Indian Muslims have stratified themselves into three main castes: Ashraafs, Ajlafs and Arzals.
Ashraafs are the Brahmin equivalent, Ajlafs are the Vaisya equivalent and Shudras, and Arzals (vile, vulgar), in other words a group comprising non-Untouchables and converted “Untouchables” who, as in Hinduism, practice supposedly impure trades.
Despite their conversion to Islam, the social, economic and educational status of the Arzals remains pathetic.
The Dhobi community belongs to the Arzal caste due to which they have always faced discrimination.
In rural areas it still seems difficult to be free of one’s socio professional identity linked to one’s group of origin.
Dr Ejaz Ali, a national convenor of the All-India Backward Muslim Morcha (AIBMM) said in an interview with Outlook India that traditionally, the dhobi community would wash clothes for particular families, and would receive grain and services from them.
But with the growth of the cash economy, most Dhobi are now paid money for their services.
Saeed said it is not an easy job to stand in water for hours to wash clothes. “Poverty forces you to do anything, otherwise who does not like comfort?” he added.
Despite being the oldest in his family, he washes the maximum number of clothes; his family members call him iron man.
Waheed, a sixty-two-year-old man is a two wheeler mechanic but he also comes to the lake to help his brother Saeed in washing clothes.
Whether it is a bitter cold or scorching sun, these people do not stop their work.
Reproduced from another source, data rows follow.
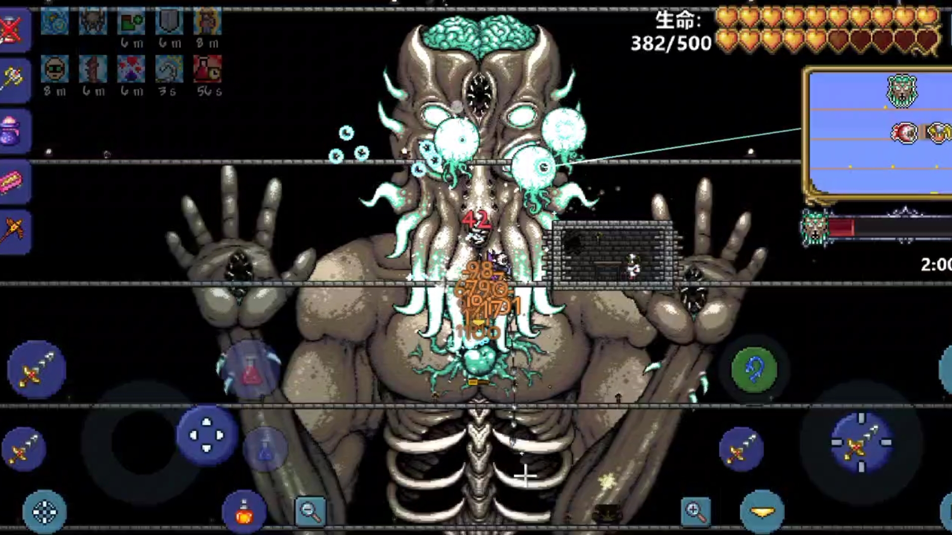 石巨人位于丛林神庙,使用丛林蜥蜴电池召唤,第一阶段攻击拳头与头部,第二阶段躲避其跳跃与光束攻击,击败后解锁更多游戏内容。拜月教邪教徒在地牢门口生成,击败后触发天界事件,出现太阳、星云、漩涡、星尘四根天界柱,逐一摧毁后召唤最终boss月亮领主。月亮领主拥有多个攻击部位,先摧毁手部与头部的眼睛,再攻击核心,需准备终极装备、满增益药水与宽敞战斗场地,是游戏最终挑战。
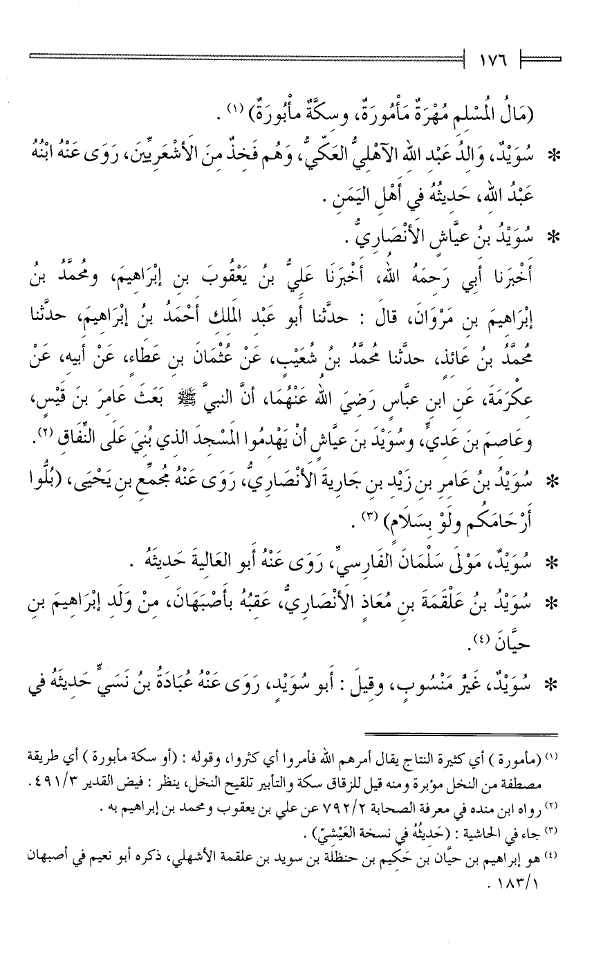 * سُوَيْدُ بنُ عَلْقَمَةَ بنِ مُعَاذٍ الأَنْصَارِيُّ، عَقِبُهُ بأَصْبَهَانَ، مِنْ وَلَدِ إبْرَاهِيمَ بنِ حيَّانَ (¬4).
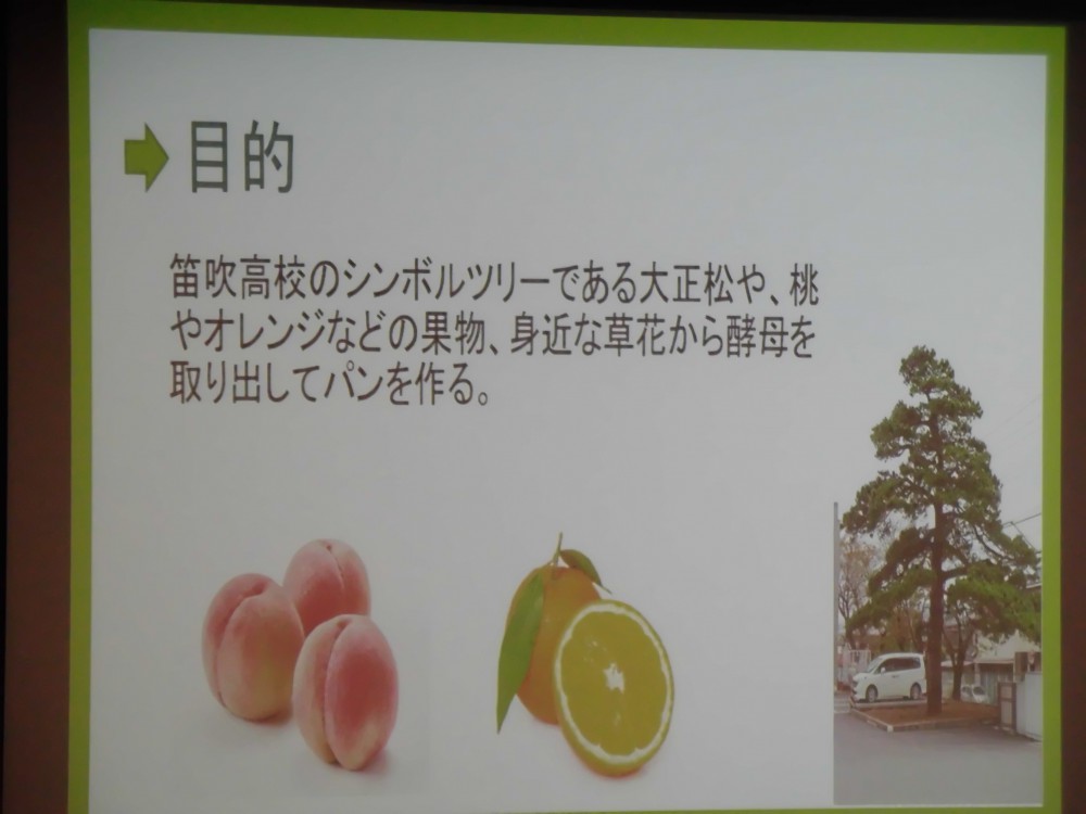 ホーム > 教育活動 > 食品化学科 > 食品化学科プロジェクト発表会(FFJ山梨笛吹高校) 2018年12月17日カテゴリー: 教育活動 食品化学科 食品化学科プロジェクト発表会(FFJ山梨笛吹高校) 12月13日プロジェクト発表会がおこなわれました。日頃『課題研究』の授業の中で2・3年生が協力して取り組んだ成果を発表しました。食品の抗菌作用、古代米、天然酵母、ワイン醸造やワインの活用法、水質浄化、災害避難所における食…等々食に関わる12の発表がありました。この科目を通じて食品化学科生徒の縦の繋がりの強さを感じました。1年生も関心を持って発表に聴き入っている様子が印象的でした。 ワインの分析法について 天然酵母からパンを作る食品の抗菌作用について 災害避難所の食について
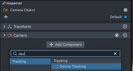 In the Objects panel, select Camera. Then, in the Inspector panel press Add Component -> Device Tracking.

“It is not easy to stand in the water for the whole day, but what to do, this is the source of our daily bread,” said Waheed.
All the clothes have to be washed by hand, due to which they get blisters on their palms.
Shanno said that she doesn't even feel like getting up early in the morning, but she has to get up to wash clothes.
They also iron the clothes after washing them but the iron they use is not electric, it is coal iron.
In summer it is difficult for them to iron with a coal iron because they can’t switch on the fan while ironing so that the clothes do not get burnt.
Dhobi community comes under the Other Backward Classes (OBC) list but the people of this caste are demanding to be included in the Scheduled Caste (SC) list.
“The SC category must be made religion-neutral on the lines of OBC, ST and EWS quota,” said Khalid Ali Ansari in an interview with IndiaSpend.
The Caste census has not been conducted since 1931, due to which there is no information regarding this marginalised community, due to which no development program has been done for them.
Ansari highlighted that data on caste is imperative for enabling reasonable conversations on categorical revisions within SC, Scheduled Tribe (ST) and OBC categories, the legitimacy of the Economically Weaker Section (EWS) category, targeted development programmes for the marginalized.
Dhobi caste is considered as lower caste among Muslims. Even though people get their clothes washed by them they never treat this community respectfully.
If these people had a washing machine, their work would have become easier, but they do not have enough money to buy it.
Since childhood, they have seen this work being done in their family and from a young age they started doing this work that now they can’t even think of doing anything else.
"It doesn’t matter whether it is Sunday or Monday, whether it is summer or winter, we have to do the work everyday," Hameed.